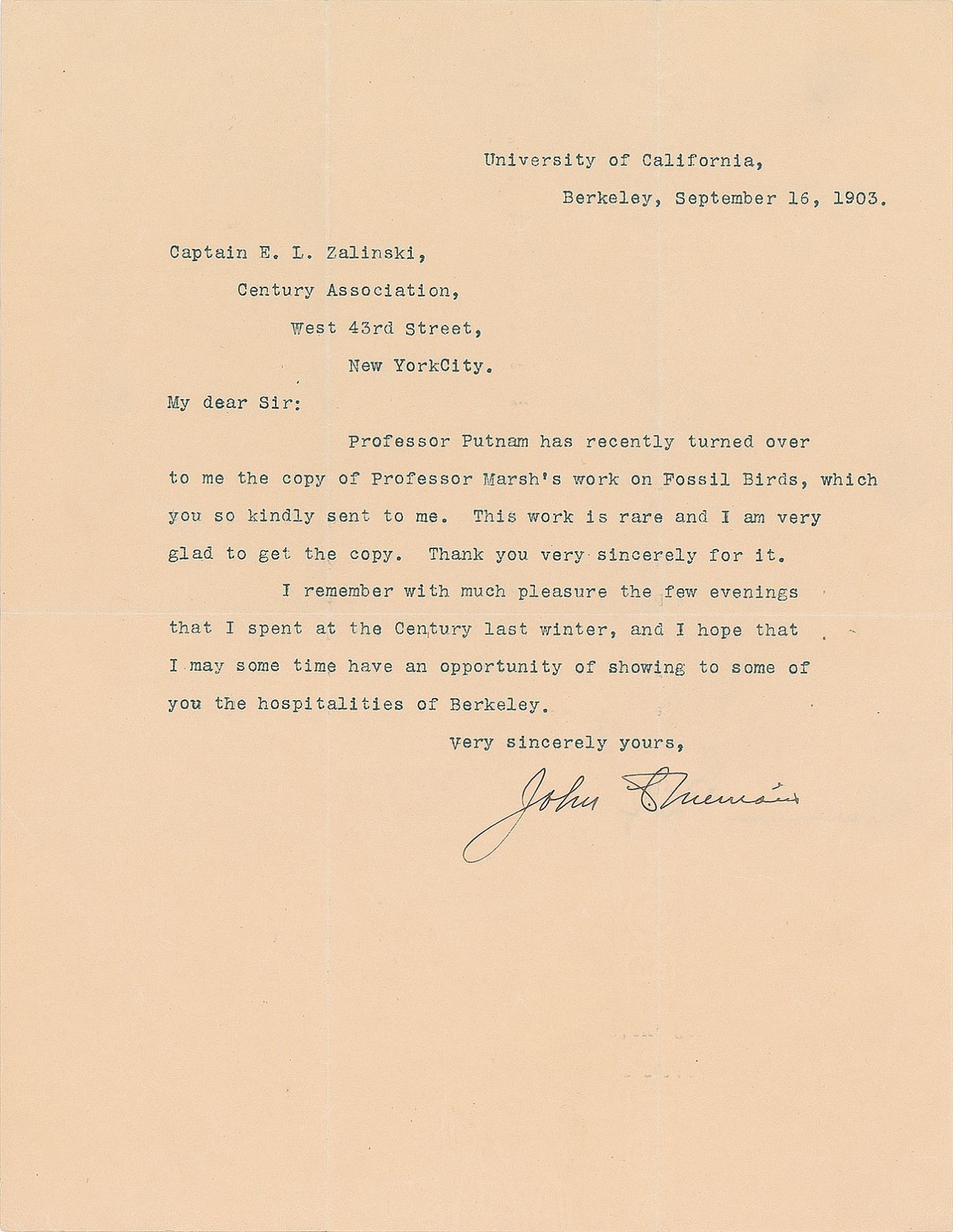 American paleontologist, educator, and conservationist (1869–1945) best known for his taxonomy of vertebrate fossils at the La Brea Tar Pits in Los Angeles. TLS signed “John C. Merriam,” one page, 8.5 x 11, September 16, 1903. Letter to Captain E. L. Zalinski, in part: "Professor Putnam has recently turned over to me the copy of Professor Marsh's work on Fossil Birds, which you so kindly sent to me. This work is rare and I am very glad to get the copy. Thank you very sincerely for it." In fine condition, with some light creasing.
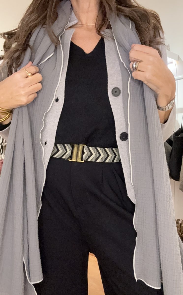 Cinturón elástico en color negro con estampado geométrico en tonos grises y crudo , lleva como cierre una bonita hebilla en color oro viejo.
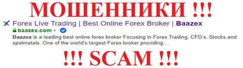 Baazex - это компания мошенников и аферистов, предоставляющая клиентам своего сервиса услуги брокера, взамен на все их денежные средста. Это ещё один скам-проект в международной сети Интернет, созданный мошенниками для незаконного обогащения. Анализ показал, что они являются мошенниками. НЕ рекомендуем связываться с Baazex!!!
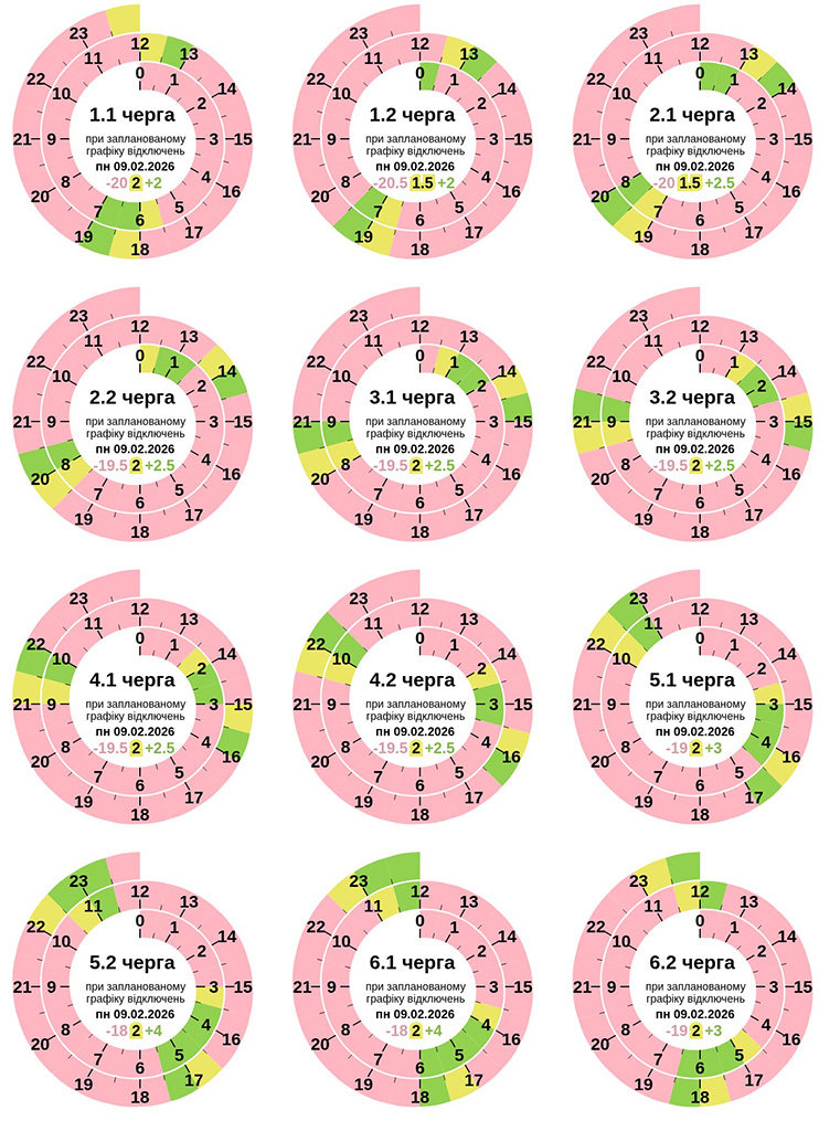У Полтавській області 9 лютого 2026 року на Полтавщині буде застосовано графік погодинного відключення електроенергії.

- - -

Work item ::
With pictures excluded, copy exactly the lines from the line containing "Cinturón elástico en" through the last line of the listing above, both ends included.

Solution ::
 Cinturón elástico en color negro con estampado geométrico en tonos grises y crudo , lleva como cierre una bonita hebilla en color oro viejo.
 Baazex - это компания мошенников и аферистов, предоставляющая клиентам своего сервиса услуги брокера, взамен на все их денежные средста. Это ещё один скам-проект в международной сети Интернет, созданный мошенниками для незаконного обогащения. Анализ показал, что они являются мошенниками. НЕ рекомендуем связываться с Baazex!!!
У Полтавській області 9 лютого 2026 року на Полтавщині буде застосовано графік погодинного відключення електроенергії.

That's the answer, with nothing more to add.